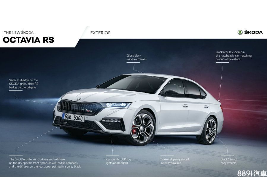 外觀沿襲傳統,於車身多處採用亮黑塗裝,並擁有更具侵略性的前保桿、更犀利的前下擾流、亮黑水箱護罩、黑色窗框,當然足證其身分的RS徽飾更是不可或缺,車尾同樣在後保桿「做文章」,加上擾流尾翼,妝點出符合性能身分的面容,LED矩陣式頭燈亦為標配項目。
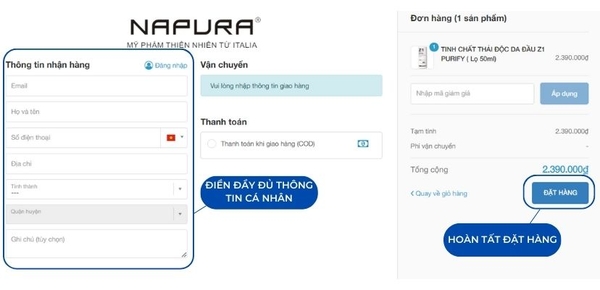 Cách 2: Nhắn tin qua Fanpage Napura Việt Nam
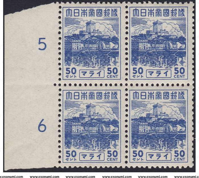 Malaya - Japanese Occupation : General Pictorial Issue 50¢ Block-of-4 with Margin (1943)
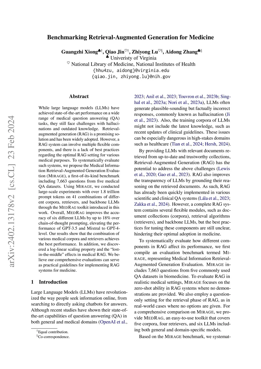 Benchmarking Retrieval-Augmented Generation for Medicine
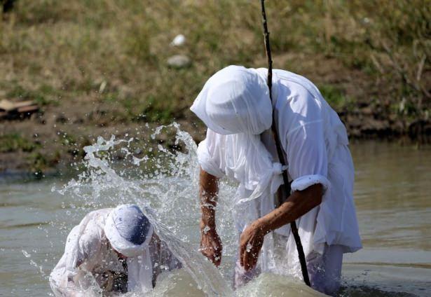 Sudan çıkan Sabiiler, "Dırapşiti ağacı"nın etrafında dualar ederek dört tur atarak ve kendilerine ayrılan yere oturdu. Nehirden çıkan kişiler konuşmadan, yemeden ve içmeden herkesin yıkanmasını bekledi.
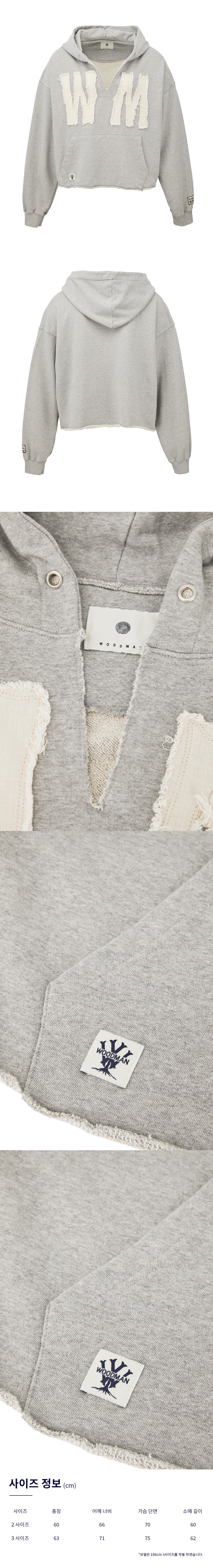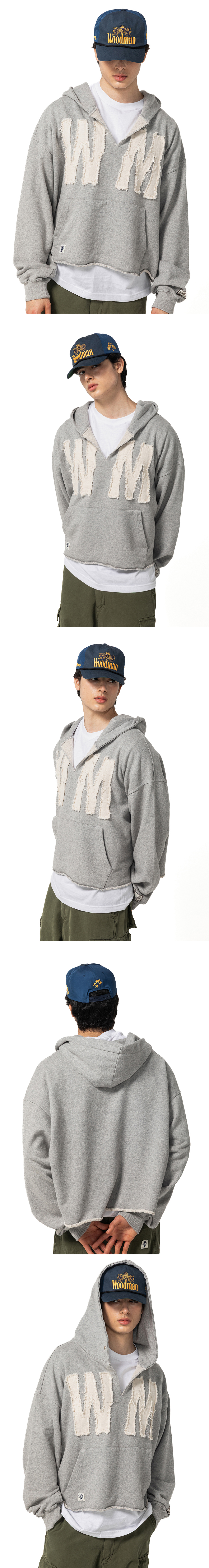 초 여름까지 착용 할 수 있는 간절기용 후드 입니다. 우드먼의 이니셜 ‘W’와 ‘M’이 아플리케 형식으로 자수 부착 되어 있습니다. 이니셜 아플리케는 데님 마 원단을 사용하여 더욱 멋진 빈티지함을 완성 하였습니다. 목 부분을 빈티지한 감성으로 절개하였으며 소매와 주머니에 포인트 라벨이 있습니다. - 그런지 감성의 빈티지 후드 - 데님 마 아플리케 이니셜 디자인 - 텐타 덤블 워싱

* * *

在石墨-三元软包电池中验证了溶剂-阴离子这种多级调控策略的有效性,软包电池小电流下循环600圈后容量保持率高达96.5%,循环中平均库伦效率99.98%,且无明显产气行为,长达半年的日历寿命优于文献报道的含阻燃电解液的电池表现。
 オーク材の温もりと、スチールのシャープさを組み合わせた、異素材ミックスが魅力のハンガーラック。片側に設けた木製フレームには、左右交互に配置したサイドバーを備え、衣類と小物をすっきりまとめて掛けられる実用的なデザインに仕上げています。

## Task details
Above are the records; copy exactly the lines from the one with "外觀沿襲傳統,於車身多處採用" through the one with "herkesin yıkanmasını bekledi.", including both, and nothing more. Leave out pictures.

## Exercise solution
 外觀沿襲傳統,於車身多處採用亮黑塗裝,並擁有更具侵略性的前保桿、更犀利的前下擾流、亮黑水箱護罩、黑色窗框,當然足證其身分的RS徽飾更是不可或缺,車尾同樣在後保桿「做文章」,加上擾流尾翼,妝點出符合性能身分的面容,LED矩陣式頭燈亦為標配項目。
 Cách 2: Nhắn tin qua Fanpage Napura Việt Nam
 Malaya - Japanese Occupation : General Pictorial Issue 50¢ Block-of-4 with Margin (1943)
 Benchmarking Retrieval-Augmented Generation for Medicine
 Sudan çıkan Sabiiler, "Dırapşiti ağacı"nın etrafında dualar ederek dört tur atarak ve kendilerine ayrılan yere oturdu. Nehirden çıkan kişiler konuşmadan, yemeden ve içmeden herkesin yıkanmasını bekledi.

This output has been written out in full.